January 10, 2020 · linux Don't Forget

Dig(ging) DNS

Dig (Domain Information Groper) is a command line utility that performs DNS lookup by querying name servers and displaying the result to you.

dig [server] [name] [type]

[server] – the IP address or hostname of the name server to query. If the server argument is the hostname then dig will resolve the hostname before proceeding with querying the name server. It is optional and if you don’t provide a server argument then dig uses the name server listed in /etc/resolv.conf.

[name] – the name of the resource record that is to be looked up.

[type] – the type of query requested by dig. For example, it can be an A record, MX record, SOA record or any other types. By default dig performs a lookup for an A record if no type argument is specified.

By default, the dig command will display the A record when no other options are specified.
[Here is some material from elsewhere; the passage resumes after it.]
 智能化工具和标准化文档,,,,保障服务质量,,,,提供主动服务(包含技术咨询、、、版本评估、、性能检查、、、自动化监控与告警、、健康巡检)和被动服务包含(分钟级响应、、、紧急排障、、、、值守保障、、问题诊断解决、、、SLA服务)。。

The output will also contain other information like the installed dig version, technical details about the answers, statistics about the query, a question section along with few other ones.
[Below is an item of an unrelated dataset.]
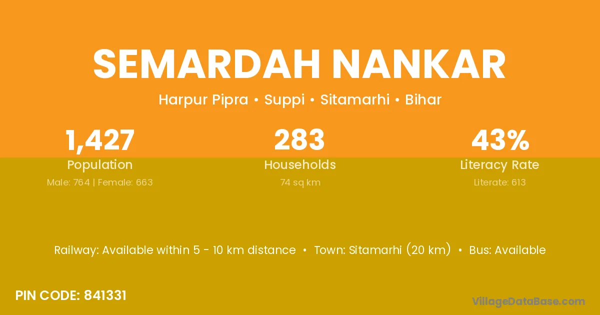 Sitamarhi (20 km) is the nearest town to Semardah Nankar village for major economic activities and is located approximately 20 km away.

dig talm.ai +noall +answer

This queries the answers section only, and stops displaying all the section using +noall option.

dig @ns.talm.ai +nocmd talm.ai ANY +multiline +answer

This queries all the available DNS record types associated with a domain (ANY), disabled the initial comment of the version of dig (+nocmd), show records in a verbose multi-line format with human-readable comments (+multiline), using the specified dns server.

dig talm.ai +trace

Dig allows tracing the DNS lookup path. The option makes iterative queries to resolve the name lookup. It will query the name servers starting from the root and subsequently traverses down the namespace tree using iterative queries following referrals along the way.

dig -x 34.214.202.205

To perform a reverse DNS lookup using the dig command use the –x option followed by your chosen IP address.